▸ Task item
Starting with the line that contains "Llena tus creaciones" and stopping after the line that contains "到达医院后,童强民书记首先关", return each line below exactly as written, with no others.

▸ Supplied records

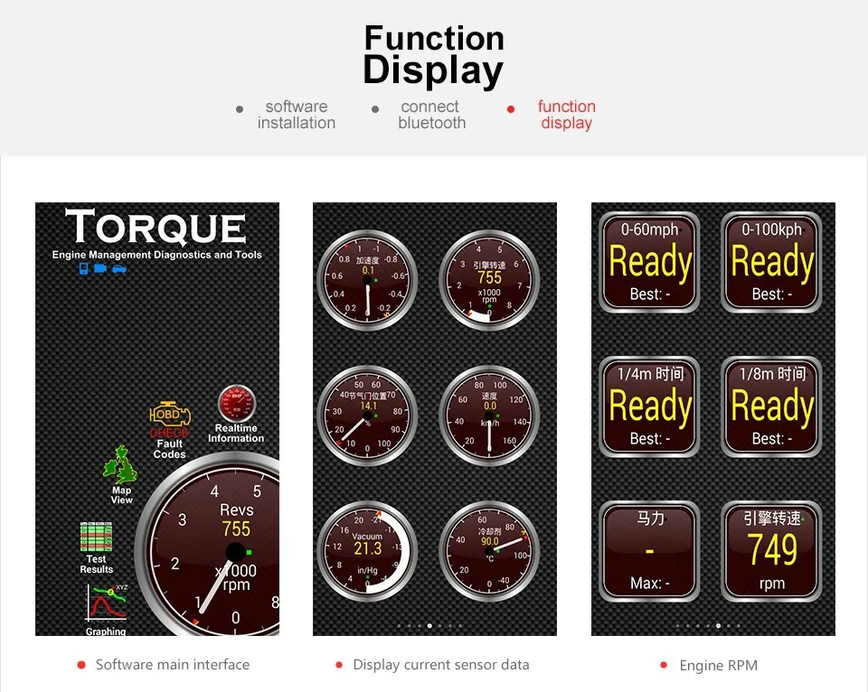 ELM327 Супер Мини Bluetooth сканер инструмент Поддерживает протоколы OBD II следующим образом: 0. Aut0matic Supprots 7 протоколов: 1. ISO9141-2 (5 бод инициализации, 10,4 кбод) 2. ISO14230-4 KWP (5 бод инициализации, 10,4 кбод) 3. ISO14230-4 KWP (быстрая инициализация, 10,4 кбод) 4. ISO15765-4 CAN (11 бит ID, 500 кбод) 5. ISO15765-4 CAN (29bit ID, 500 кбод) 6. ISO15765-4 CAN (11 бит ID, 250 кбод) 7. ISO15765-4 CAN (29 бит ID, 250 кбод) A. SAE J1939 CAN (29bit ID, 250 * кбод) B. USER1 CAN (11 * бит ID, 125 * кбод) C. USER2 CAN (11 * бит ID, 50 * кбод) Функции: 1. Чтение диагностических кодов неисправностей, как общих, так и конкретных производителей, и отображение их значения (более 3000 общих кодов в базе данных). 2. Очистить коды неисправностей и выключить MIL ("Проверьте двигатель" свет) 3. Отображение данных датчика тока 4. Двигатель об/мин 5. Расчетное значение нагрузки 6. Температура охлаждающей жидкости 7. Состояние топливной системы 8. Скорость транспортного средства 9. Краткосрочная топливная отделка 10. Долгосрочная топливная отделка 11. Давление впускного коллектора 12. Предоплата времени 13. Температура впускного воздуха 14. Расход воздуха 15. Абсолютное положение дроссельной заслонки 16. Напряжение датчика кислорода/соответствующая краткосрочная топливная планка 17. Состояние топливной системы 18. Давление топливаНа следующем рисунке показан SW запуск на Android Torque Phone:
...
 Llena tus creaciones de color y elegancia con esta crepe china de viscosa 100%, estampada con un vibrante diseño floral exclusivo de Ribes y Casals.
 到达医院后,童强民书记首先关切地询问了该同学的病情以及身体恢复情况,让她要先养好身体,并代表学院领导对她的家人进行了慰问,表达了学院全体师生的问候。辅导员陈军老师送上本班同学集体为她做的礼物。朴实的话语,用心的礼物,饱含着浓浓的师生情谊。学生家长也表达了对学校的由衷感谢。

▸ Reply
 Llena tus creaciones de color y elegancia con esta crepe china de viscosa 100%, estampada con un vibrante diseño floral exclusivo de Ribes y Casals.
 到达医院后,童强民书记首先关切地询问了该同学的病情以及身体恢复情况,让她要先养好身体,并代表学院领导对她的家人进行了慰问,表达了学院全体师生的问候。辅导员陈军老师送上本班同学集体为她做的礼物。朴实的话语,用心的礼物,饱含着浓浓的师生情谊。学生家长也表达了对学校的由衷感谢。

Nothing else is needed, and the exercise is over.